If the Braves can sustain an offense, we may be in for some really good times in the next 2-3-4 years.


----------



## DannyW (Sep 2, 2019)

And I know he is a longshot to win MVP, but is there anyone in MLB who is more valuable to their team than Freddie Freeman? (Okay, okay...maybe Mike Trout, But he is in the AL.)

I wish they would give the award to the most valuable player, offensively AND defensively AND in the clubhouse, instead of the guy who has the gaudiest batting statistics.
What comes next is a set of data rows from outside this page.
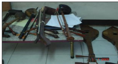
ซอและซิ้ง
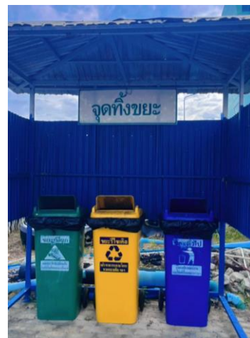
รูปที่ 2-18 เลือกใช้สีของถังรองรับมูลฝอย ตามประเภทของมูลฝอย
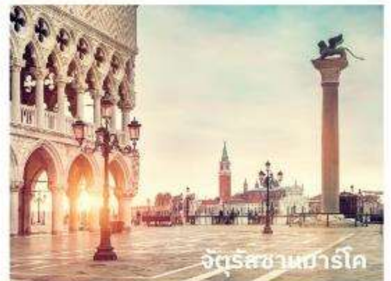
จัตุรัสซานมาร์โค

ท่านสามารถทำการสแกน QR CODE นี้ เพื่อรับชม เกาะเวนิส ในรูปแบบวิดีโอ
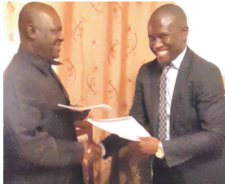
Poignée de mains et échange des parapheurs entre les deux présidents

Cette phase a pour objectif principal d'apporter de l'aide aux retraités dans la réalisation de leurs tâches quotidiennes et prévenir les maladies survenant avec l'âge. En effet la deuxième phase se fixe deux objectifs à savoir le rapport statistique fiable sur la morbidité vue l'incidence de certaines
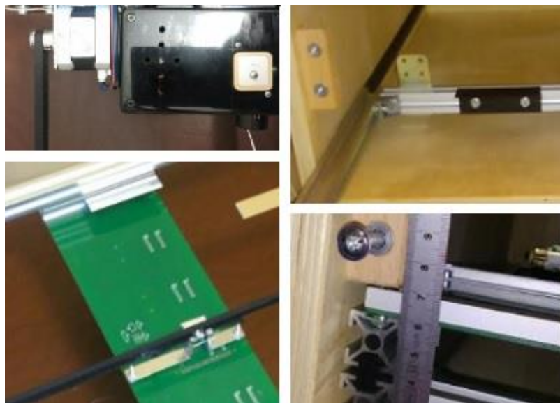
Frammenti operosi (Apisfero), inizi XXI secolo
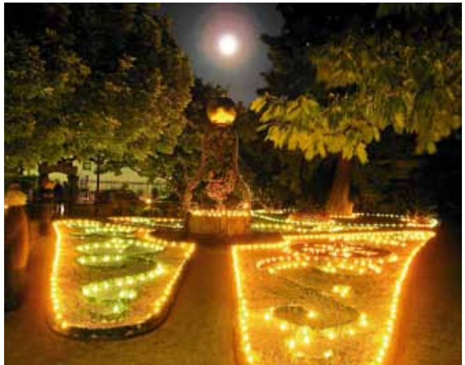
Am Samstagabend werden 1.500 Kerzen den Katz'schen Garten zum Leuchten bringen.

Unter dem Motto "Zeitsprung ins Mittelalter" lädt der historische Markt in die Amtsstraße und in die Storrentorstraße ein. Beim Gang durch die schmalen Gassen mit ihrem Kopfsteinpflaster kann man die Altstadt in einem ganz neuen „alten“ Blickwinkel sehen: Im Schein von Fackeln, Kerzen und Holzlaternen werden Handwerker und Händler ihre Waren ausbreiten und besondere leibliche Genüsse feilbieten. Kerzenzieher,
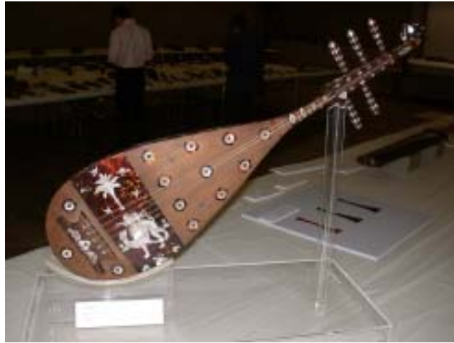
東京国立博物館蔵肝臟五弦琵琶（正倉院模造） 第 25 回文化財の保存及び修復に関する国際研究集会より

Not saying Bellinger and Yelich aren't good, they are great, but I think Freeman means more to the Braves than those two do to the Dodgers and Brewers.


----------



## mizzippi jb (Sep 2, 2019)

True Danny......he's the backbone for sure.   I can say with all conviction that we wouldn't be where we are without his leadership and talent


----------



## Patriot44 (Sep 2, 2019)

DannyW said:


> And I know he is a longshot to win MVP, but is there anyone in MLB who is more valuable to their team than Freddie Freeman? (Okay, okay...maybe Mike Trout, But he is in the AL.)
> 
> I wish they would give the award to the most valuable player, offensively AND defensively, instead of the guy who has the gaudiest batting statistics.
> 
> Not saying Bellinger and Yelich aren't good, they are great, but I think Freeman means more to the Braves than those two do to the Dodgers and Brewers.


Agree! The Braves went back to what worked. Couple of veterans with a bus load of young studs from the farm. 

I blame the early 2000’s Yankee’s for the destruction of MLB’s tried and true farm system. Looks like most teams have reverted back. 

Remember the Upton bro’s, Uggla, etc, etc? Those days sucked bigly.


----------



## DannyW (Sep 2, 2019)

mizzippi jb said:


> True Danny......he's the backbone for sure.   I can say with all conviction that we wouldn't be where we are without his leadership and talent



You are so right about his leadership that I edited my post...


----------



## mizzippi jb (Sep 2, 2019)

Camargo hitting dingers. Maybe we need to send the starters back down 2 at a time.   Everybody who gets sent down comes back bombing


----------



## dirtnap (Sep 2, 2019)

Another big win today. The bullpen all of a sudden looks like the strength of the team. I guess the new guys needed a few days to settle in, but I sure didn’t see this coming. As of right now the Bravos are 4 games behind LA for the best record in the NL which a more nth ago was inconceivable, however I think I’d rather play the central winner than the wild card winner, but this team is fun to watch


----------



## Patriot44 (Sep 2, 2019)

100 Win season is completely in play. Id rather see Snit start resting players once the division is secured tho.


----------



## Coenen (Sep 2, 2019)

Patriot44 said:


> Agree! The Braves went back to what worked. Couple of veterans with a bus load of young studs from the farm.
> 
> I blame the early 2000’s Yankee’s for the destruction of MLB’s tried and true farm system. Looks like most teams have reverted back.
> 
> Remember the Upton bro’s, Uggla, etc, etc? Those days sucked bigly.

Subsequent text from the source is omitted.